Atelectasis is common in these patients and may not become clinically significant until after extubation when sedation and positive-pressure ventilation have been discontinued, especially in patients who are fluid overloaded. Atelectasis may lead to inadequate gas exchange, require better pain management, and mask continuous positive airway pressure (CPAP) while more aggressive diuresis is carried out. Adequate pain management is required to allow the patient to breathe deeply and perform incentive spirometry. Positive expiratory pressure therapy, EzPAP Positive Airway Pressure System (Smiths Medical), or other modalities employed by respiratory therapists early and continued until the patient is fully mobilized are imperative. If not prevented or treated early, atelectasis may lead to reintubation and possibly to pneumonia. Most lung dysfunction in the initial postoperative period is due to atelectasis, which usually responds well to higher PEEP levels.

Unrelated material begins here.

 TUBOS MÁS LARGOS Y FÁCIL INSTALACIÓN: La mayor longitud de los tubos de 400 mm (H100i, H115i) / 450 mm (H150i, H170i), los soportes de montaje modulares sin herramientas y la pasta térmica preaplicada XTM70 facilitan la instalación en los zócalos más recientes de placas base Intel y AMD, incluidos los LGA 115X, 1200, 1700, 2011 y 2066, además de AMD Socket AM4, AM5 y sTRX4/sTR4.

A right mainstem intubation may lead to left-sided atelectasis and can be corrected early by careful inspection of the first postoperative chest radiograph when endotracheal tube position and position of mediastinal and plural chest drains as well as proper expansion of both lungs are determined. Bronchial obstruction by a mucous plug with lobar collapse commonly occurs, especially in the right lower lobe. Effective treatment usually requires removal of the plug either by aggressive pulmonary toileting or by bronchoscopy with bronchoalveolar lavage followed by a period of higher PEEP if the patient is still on ventilator support to reexpand the lung. Unless the plug is removed and the airway cleared, reexpansion is unlikely. Rarely, collapse of the right upper lobe may be seen in the case of superior lobe bronchus take-off directly from the trachea and occlusion there by the endotracheal tube. Review of the postoperative chest radiograph will usually lead to early diagnosis and treatment.

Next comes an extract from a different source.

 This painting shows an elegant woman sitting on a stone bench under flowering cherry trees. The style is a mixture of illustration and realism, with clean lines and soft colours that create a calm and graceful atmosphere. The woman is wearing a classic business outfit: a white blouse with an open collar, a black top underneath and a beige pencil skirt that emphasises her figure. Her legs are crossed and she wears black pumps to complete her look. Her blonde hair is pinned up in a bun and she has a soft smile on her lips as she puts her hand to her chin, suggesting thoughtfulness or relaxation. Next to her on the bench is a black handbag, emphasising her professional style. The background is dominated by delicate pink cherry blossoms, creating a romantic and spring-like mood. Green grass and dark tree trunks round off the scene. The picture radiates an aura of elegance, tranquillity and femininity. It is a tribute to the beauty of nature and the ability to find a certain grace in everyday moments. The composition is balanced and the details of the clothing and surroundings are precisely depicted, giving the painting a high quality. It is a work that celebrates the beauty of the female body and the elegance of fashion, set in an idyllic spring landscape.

Simple pneumothorax may be seen on the first postoperative chest radiograph and may be corrected by increasing chest tube suction up to −20 cm H2O in an optimally placed chest tube, or by placement of another chest tube usually in a more apical position. Postoperative pulmonary air leak from disruption of the visceral pleura in one or more areas may lead to tension pneumothorax if occult or unrecognized and chest tubes are removed prematurely.

Pleural effusions present after chest tubes have been removed are common but usually do not require removal by thoracentesis or chest tube thoracostomy unless they cause respiratory symptoms (Fig. 36.1). Hemothorax not due to ongoing postoperative bleeding is typically from bleeding that was not adequately drained by pleural or mediastinal chest tubes and does not usually require specific treatment.

Patients with baseline abnormal pulmonary function will usually manifest it to a worse degree postoperatively. Some patients, however, with preoperative cardiogenic pulmonary dysfunction improve often promptly after surgery (e.g., mitral stenosis, acute mitral regurgitation, or severe aortic stenosis).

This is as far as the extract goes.